Вахтанг подавился табачным дымом и закашлялся.
– Кто шла? Куда шла? Да ты что, Лаврентий? Капитан этот, видно, жену очень сильно любил. Смириться с ее потерей не может. Ну, как говориться, змия зелёного оседлал, или змий его оседлал, что сути не меняет. Пить он начал, вот и мерещится ему жена его живая и здоровая.
– Не пьющий он, совсем не употребляет, мои ребята все о нем выяснили. Да и потом случай с ним не единичный. Кто-то отца своего покойного увидел да еще в молодом возрасте. Тот с первой мировой войны возвращался. Мужик, который его приметил, в ту пору совсем маленьким был. Так теперь он и отца молодого и себя маленького наяву увидел. Не испугался, подошел к ним и даже разговаривал с ними. Да и не только эти факты, есть и другие. Участковый милиционер все подробно описал. Все здесь! – Берия постучал по тоненькой картонной папке, лежащей на столе.
– А что говорят местные власти? – Дадуа вопросительно взглянул на наркома. – Ну, я имею в виду то, что капитан-то наш, наверное, докладывал своему начальству? Они что, не отреагировали?
– Почему не отреагировали? Два раза из района приезжали, да ничего подозрительного не нашли. Не разобрались, в общем, а, может, не хотели разобраться, а, Вахтанг? – Берия смотрел на друга, прищурив левый глаз. У любого другого от этого взгляда душа бы в пятки ушла, но Вахтанг выдержал его спокойно.

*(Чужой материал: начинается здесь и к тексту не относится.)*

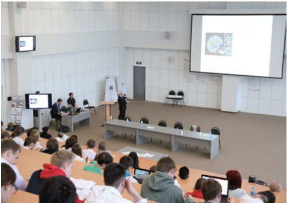
Hokuto and Russia's Far Eastern Federal University have entered a cooperation agreement for scientific study and research in the medical field. The medical interchange between the two institutions has been highly active, with activities and events that include an international conference featuring lectures and research presentations on medical care topics.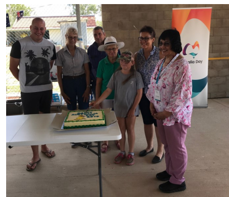
2019 Australia Day Celebrations in Jericho.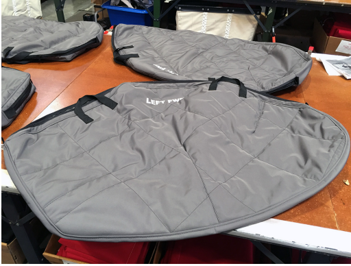
Protective Door Bags

**Padded Door Bags* are designed to provide portable protection of the doors when they are removed from the aircraft. They are padded to moderate thickness, zippered closed, and have sturdy carry handles for easy transport.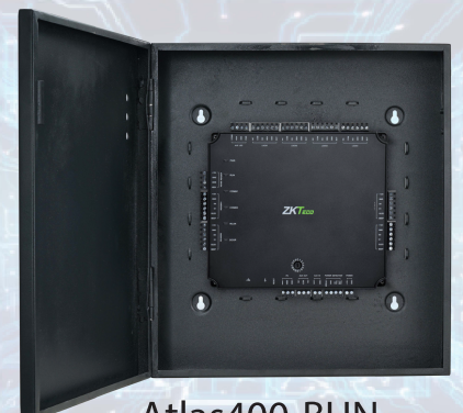
Atlas400-BUN *Also available in 1 or 2 Door options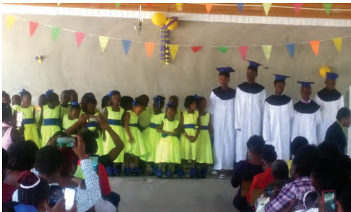
We celebrate kindergarten, sixth grade, and high school graduations at all our schools.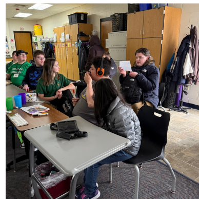
Visiting the SAIL Mason Classroom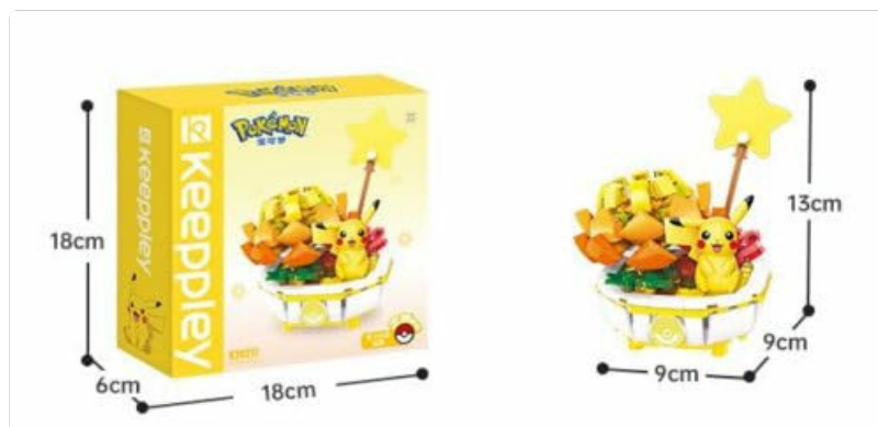
Image: Diagram illustrating the dimensions of the product box and the assembled model.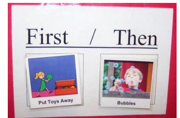
Post first/then and mini-schedules to support transitions.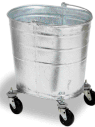
C26-3 -oval 26qt bucket w/3" casters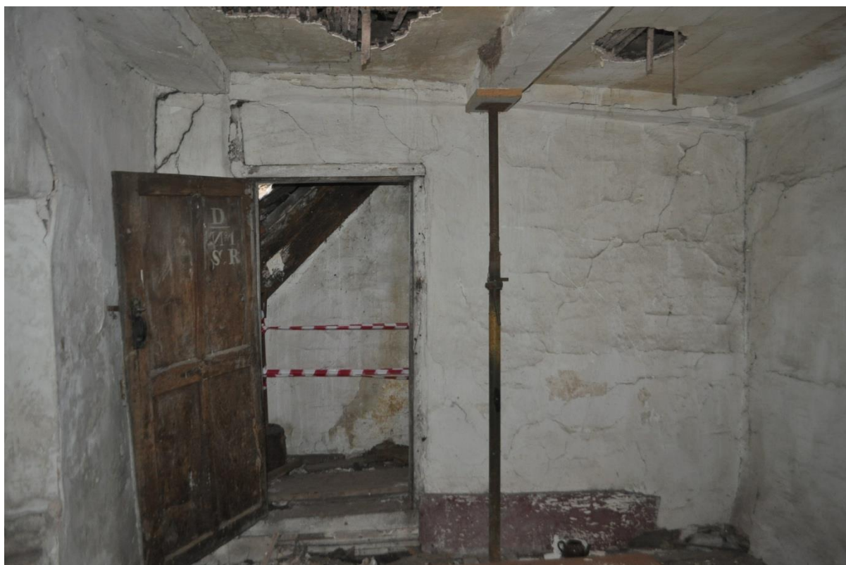
Pl.57: Detail of doorway in the north wall of F4.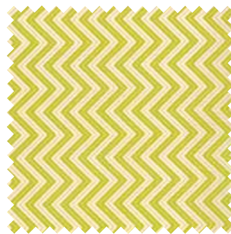
№ 10005 11 Leaf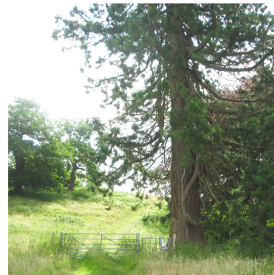
5. The gate from the ponds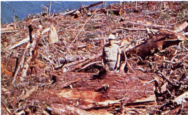
Photo 37. West coast Douglas-fir clear-cut, quality of cull high.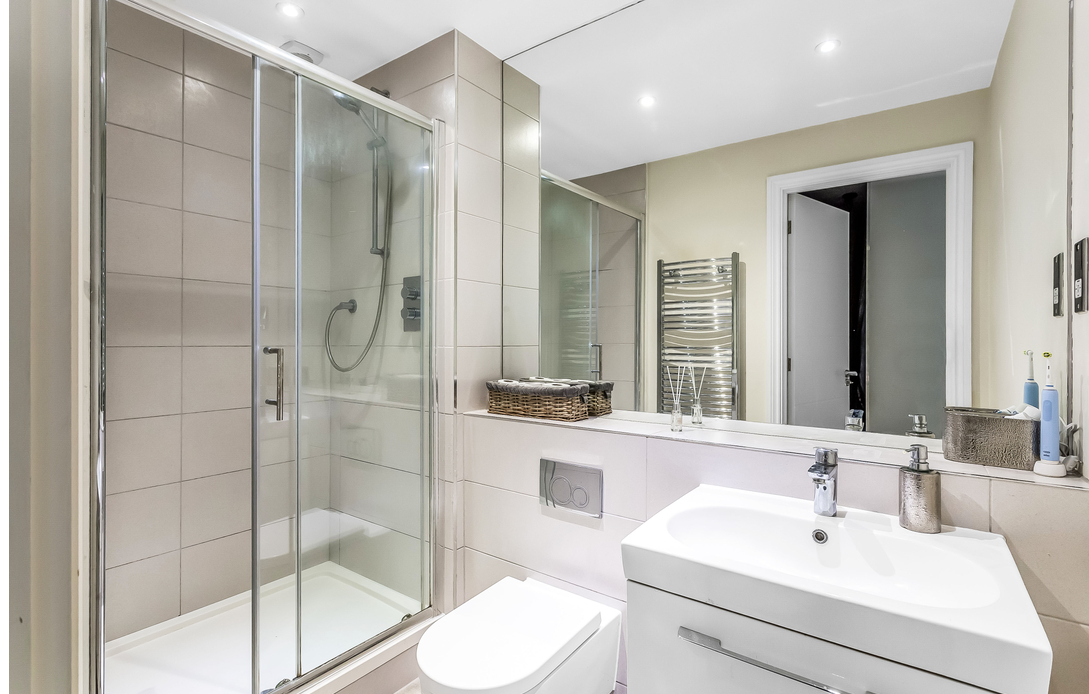
Flat 13, 2c Chaucer Court, Southlands Road, Bromley, Kent BR2 9HP £210,000 - Leasehold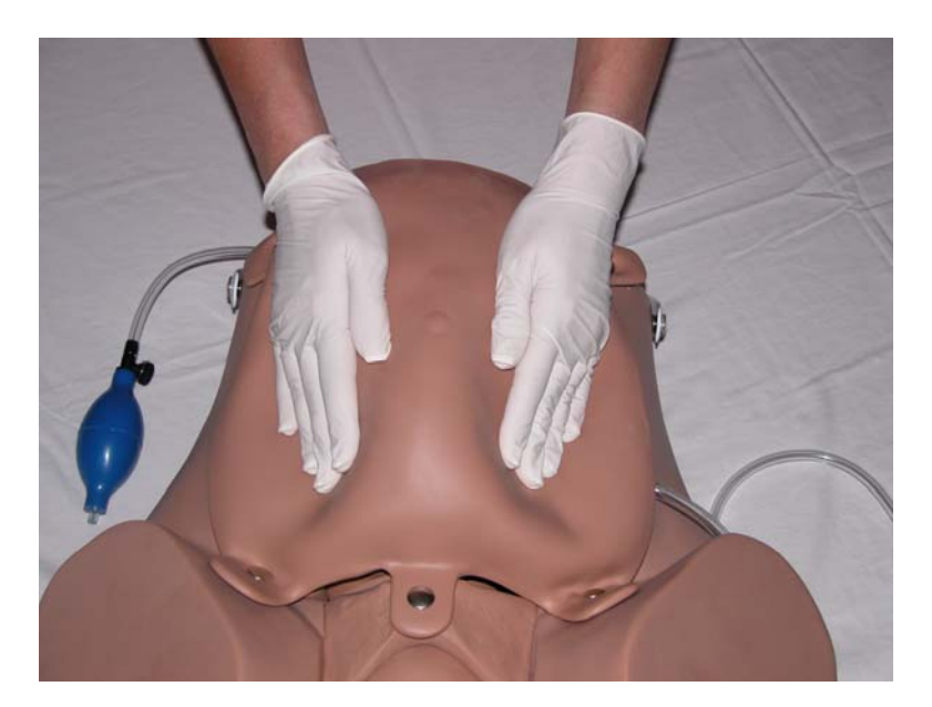
Maneuver 2 - Where is the fetal back?

The second maneuver determines whether the bony spine is directed anteriorly, posteriorly, or laterally. The back and the spine feel like a hard, resistant structure, whereas the other side feels more like a number of nodules.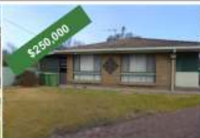
31 Webb St, Holbrook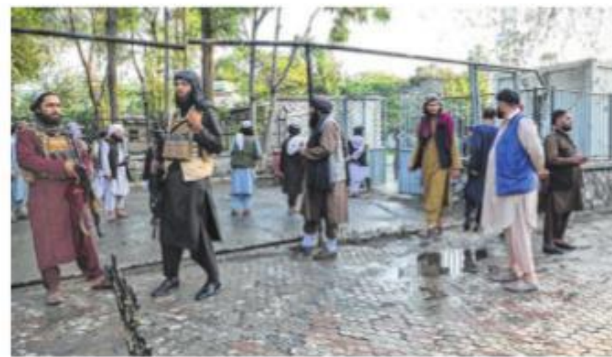
Taliban fighters investigate at the site of the blast

The blast took place near the Wazir Akbar Khan mosque.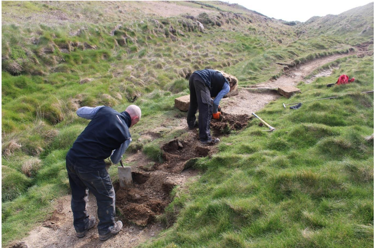
Figure 11. Photo showing use of hand tools to re-profile the surface after removing the steps.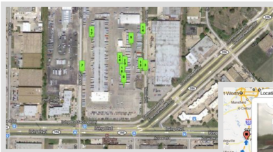
Monitor From Anywhere

Our GPS Tracking software is "In the Cloud", so there is no need to burden your IT department. Training is minimal, because we utilize Google Maps®.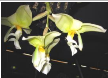
Plant: Stanhopea inodora Grower: G Yong Gee

– Что ты имеешь в виду, Лаврентий?
– А то, что враги кругом и саботажники, особенно на местах. Я, Вахтанг, в отличие от тебя, с всякими мистическими выкрутасами не встречался, в чертовщину не верю. Зато тебе верю, безоговорочно. Разберись с этим делом, срочно разберись. Я тебе, Вахтанг, вот что скажу. Это или случай массового гипноза, направленный на подавление силы воли советских людей, или, что, скорее всего, пробрались туда шпионы, Вахтанг, и испытывают они там какое-то новейшее оружие, не известное пока ни тебе, ни мне, ни, вообще, кому-либо, кроме этих псов заграничных. На дворе 1941 год! Я лично не верю, что Гитлер пакт о ненападении долго соблюдать будет. Скоро нападет на нас, сволочь! А у нас бардак, Вахтанг, страшный бардак. Кругом враги окопались. Да, что греха таить, верхушка чекистская в Свердловской области, что сообщение капитана милицейского похерила, наверняка уже вся на немцев работает! Сниму их всех к чертовой матери, да расстреляю, поделом им будет! – лицо наркома исказила страшная гримаса злобы, лоб покрылся испариной, расширенные с покрасневшими белками глаза буравили Дадуа.
– Прямо сейчас приказ отдам об аресте. Зови, Вахтанг, дежурного офицера. Приказ ему диктовать буду! – Берия выругался по матери.
«Да он больной, маньяк, совсем свихнулся от крови. Да разве от так ругался раньше? У нас, горцев, такое ругательство раз употребишь, от тебя все отвернутся от мала до велика. И так уже полстраны под конвоем ходит, а он все никак не успокоится» – думал про себя Вахтанг, устремив взор красивых, немного печальных глаз на наркома. Вслух Дадуа, этого не сказал.
Подойдя к наркому, Вахтанг похлопал того по плечу:
– Не горячись, Лаврентий, надо разобраться. Приказ всегда отдать успеешь.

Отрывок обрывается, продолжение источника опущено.